====== INFORMATION SHOWN ======

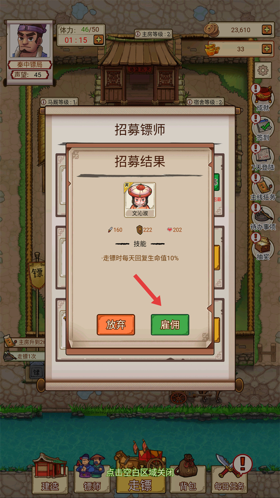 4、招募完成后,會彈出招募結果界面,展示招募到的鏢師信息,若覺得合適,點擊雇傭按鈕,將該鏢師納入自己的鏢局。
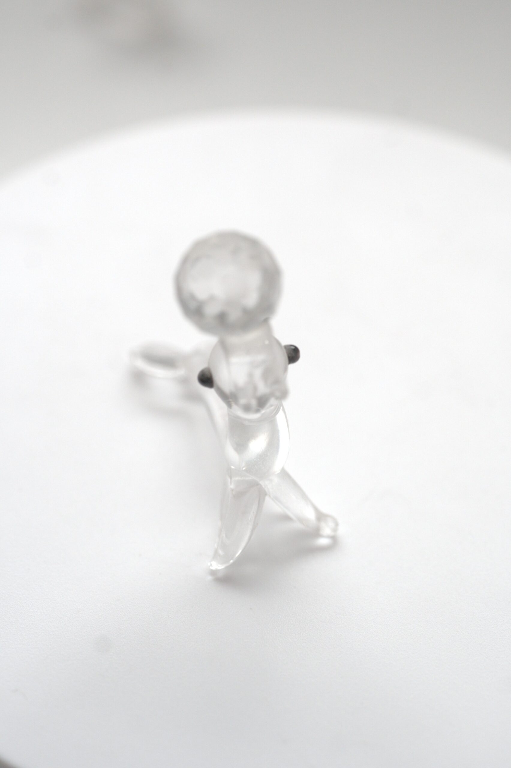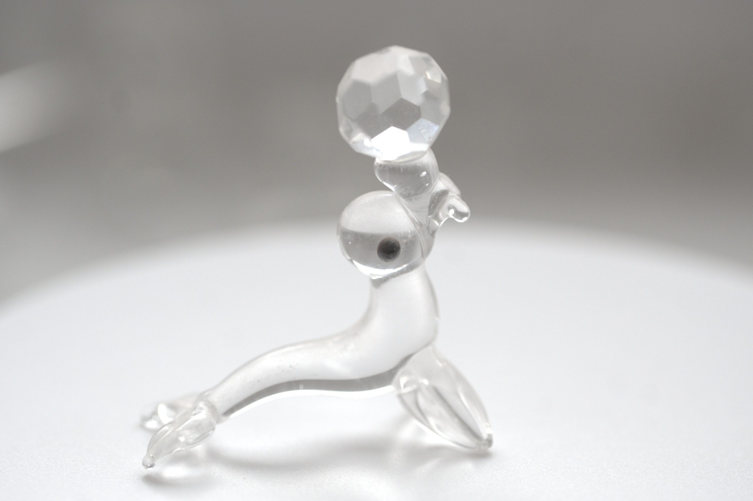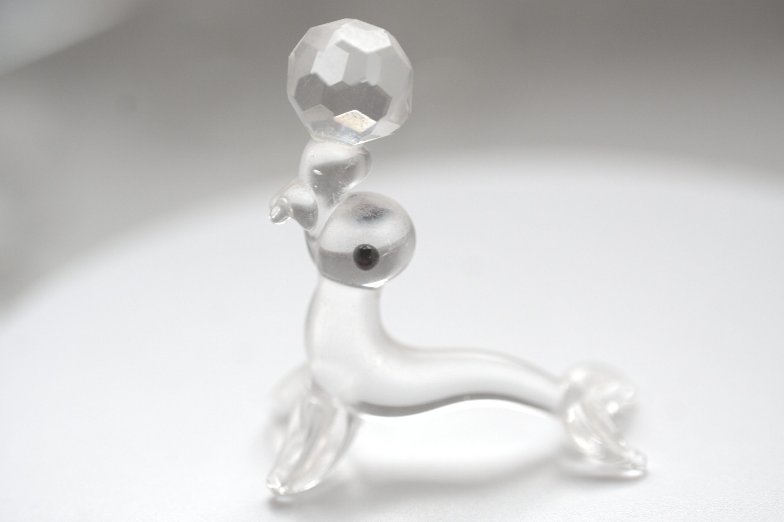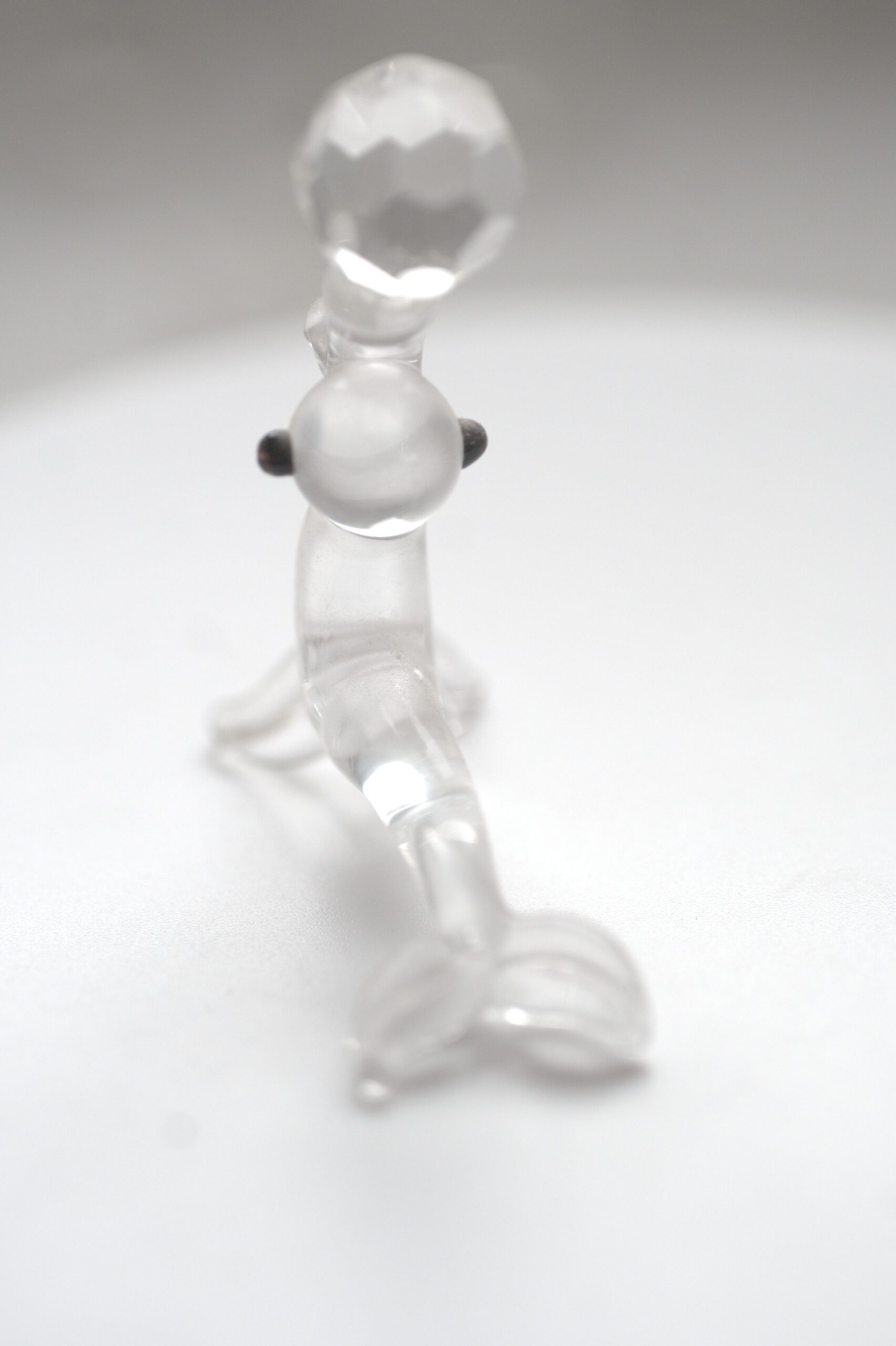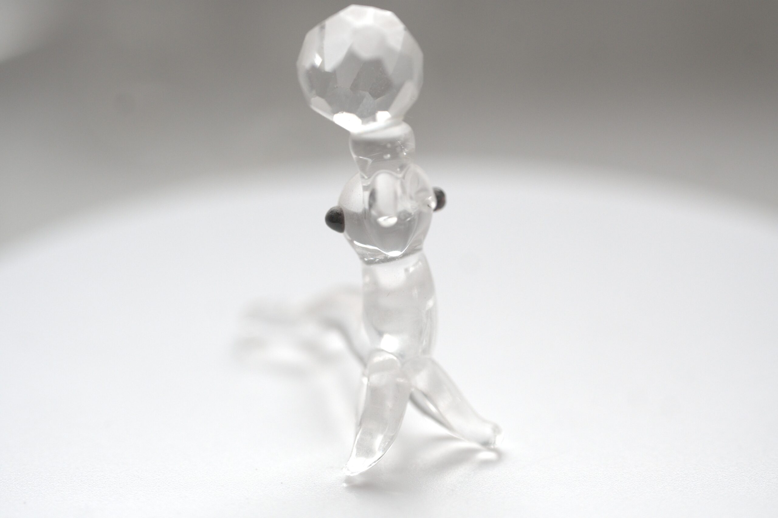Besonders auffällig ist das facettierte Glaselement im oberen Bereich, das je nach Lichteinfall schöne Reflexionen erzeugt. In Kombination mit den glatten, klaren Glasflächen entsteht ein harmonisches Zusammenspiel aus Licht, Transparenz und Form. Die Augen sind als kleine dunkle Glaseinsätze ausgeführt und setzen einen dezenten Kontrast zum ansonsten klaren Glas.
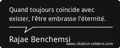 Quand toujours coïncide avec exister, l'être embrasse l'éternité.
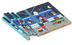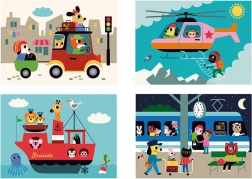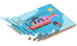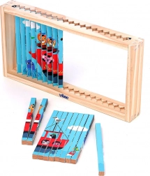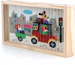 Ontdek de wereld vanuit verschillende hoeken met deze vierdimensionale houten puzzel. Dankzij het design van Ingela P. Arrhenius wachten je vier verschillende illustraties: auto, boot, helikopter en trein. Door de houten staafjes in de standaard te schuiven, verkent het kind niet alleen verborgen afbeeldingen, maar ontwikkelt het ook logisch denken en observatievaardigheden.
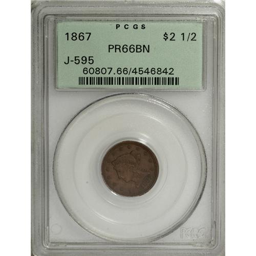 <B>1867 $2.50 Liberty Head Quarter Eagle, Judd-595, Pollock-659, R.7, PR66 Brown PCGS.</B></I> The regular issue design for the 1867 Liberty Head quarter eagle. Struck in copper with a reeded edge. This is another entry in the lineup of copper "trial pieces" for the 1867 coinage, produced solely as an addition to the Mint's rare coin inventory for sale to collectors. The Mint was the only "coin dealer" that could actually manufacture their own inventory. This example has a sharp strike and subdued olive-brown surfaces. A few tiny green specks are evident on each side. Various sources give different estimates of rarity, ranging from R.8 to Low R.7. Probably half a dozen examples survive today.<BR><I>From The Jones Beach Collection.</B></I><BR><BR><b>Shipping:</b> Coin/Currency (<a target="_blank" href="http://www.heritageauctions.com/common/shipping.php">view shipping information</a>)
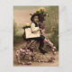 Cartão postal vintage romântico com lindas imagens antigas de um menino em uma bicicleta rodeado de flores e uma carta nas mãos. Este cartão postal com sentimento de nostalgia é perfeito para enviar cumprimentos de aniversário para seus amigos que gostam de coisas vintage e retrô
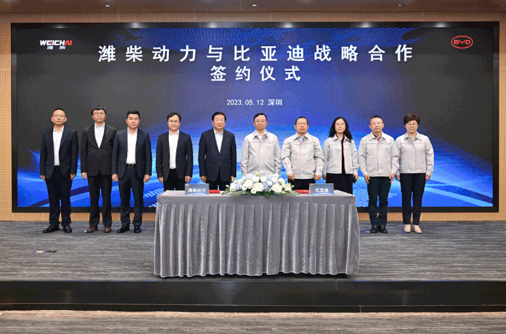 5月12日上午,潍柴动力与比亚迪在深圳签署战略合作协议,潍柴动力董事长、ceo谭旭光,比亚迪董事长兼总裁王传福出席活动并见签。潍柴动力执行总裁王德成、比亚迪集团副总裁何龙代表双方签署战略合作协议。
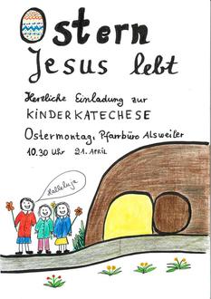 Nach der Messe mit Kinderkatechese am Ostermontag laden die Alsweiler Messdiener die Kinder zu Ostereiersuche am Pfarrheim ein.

======

TASK TO COMPLETE:
Give again, word for word, the lines above from the one with "Quand toujours coïncide" through the final line of the data, both ends included. Do not copy any picture.

TASK SOLUTION:
 Quand toujours coïncide avec exister, l'être embrasse l'éternité.
 Ontdek de wereld vanuit verschillende hoeken met deze vierdimensionale houten puzzel. Dankzij het design van Ingela P. Arrhenius wachten je vier verschillende illustraties: auto, boot, helikopter en trein. Door de houten staafjes in de standaard te schuiven, verkent het kind niet alleen verborgen afbeeldingen, maar ontwikkelt het ook logisch denken en observatievaardigheden.
 <B>1867 $2.50 Liberty Head Quarter Eagle, Judd-595, Pollock-659, R.7, PR66 Brown PCGS.</B></I> The regular issue design for the 1867 Liberty Head quarter eagle. Struck in copper with a reeded edge. This is another entry in the lineup of copper "trial pieces" for the 1867 coinage, produced solely as an addition to the Mint's rare coin inventory for sale to collectors. The Mint was the only "coin dealer" that could actually manufacture their own inventory. This example has a sharp strike and subdued olive-brown surfaces. A few tiny green specks are evident on each side. Various sources give different estimates of rarity, ranging from R.8 to Low R.7. Probably half a dozen examples survive today.<BR><I>From The Jones Beach Collection.</B></I><BR><BR><b>Shipping:</b> Coin/Currency (<a target="_blank" href="http://www.heritageauctions.com/common/shipping.php">view shipping information</a>)
 Cartão postal vintage romântico com lindas imagens antigas de um menino em uma bicicleta rodeado de flores e uma carta nas mãos. Este cartão postal com sentimento de nostalgia é perfeito para enviar cumprimentos de aniversário para seus amigos que gostam de coisas vintage e retrô
 5月12日上午,潍柴动力与比亚迪在深圳签署战略合作协议,潍柴动力董事长、ceo谭旭光,比亚迪董事长兼总裁王传福出席活动并见签。潍柴动力执行总裁王德成、比亚迪集团副总裁何龙代表双方签署战略合作协议。
 Nach der Messe mit Kinderkatechese am Ostermontag laden die Alsweiler Messdiener die Kinder zu Ostereiersuche am Pfarrheim ein.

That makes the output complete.